Gene Set Enrichment Analysis can be conducted on the Limma results using the 
`fgsea` package [@sergushichev_algorithm_2016]. Before running it, it is 
useful to consider whether Gene Set Enrichment Analysis is appropriate for
your specific data set, based on the number and types of genes represented in
your chip, and whether any of them were actually differentially expressed.

Gene set databases can be loaded as a list object (either directly or in an 
.rds file), or as a .gmt (MSigDB or similar) or .tab (CPDB) file. We have 
included a list of pathways from WikiPathways [@martens_wikipathways_2021].  

The `min.set` option is important, as pathways containing only a few genes 
present in your data set will probably not provide informative enrichment 
statistics.

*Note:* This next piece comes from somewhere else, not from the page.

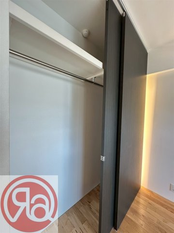 クローゼットを備えた収納スペースで、衣類や生活用品をすっきり整理できる設計です。全居室収納付きのため、室内に物があふれにくく、きれいな住空間を保ちやすい点が魅力です。ハンガーパイプ付きで、コートやシャツをシワなく収納可能です。奥行きも確保されており、季節家電やスーツケースの保管にも対応できます。日常の整理整頓をサポートする、実用性の高い収納環境です。

We will discard all gene sets where fewer than `min.set` genes from
that set are present in the analysis. You also have the option to rank genes by
'coefficients' (frequently, the log2FC) or the 't' statistics. `skip.first` 
will skip the first column of the limma design if TRUE (default).  Generally, 
this column is the Intercept of the regression, which is not useful for gene 
set analysis.

The `limmaToFGSEA` function will then conduct preranked analysis using `fgsea`
for each column in the Limma coefficients or t-statistic matrix (possibly 
skipping the first).  The output will be a list object containing the results
for each analysis.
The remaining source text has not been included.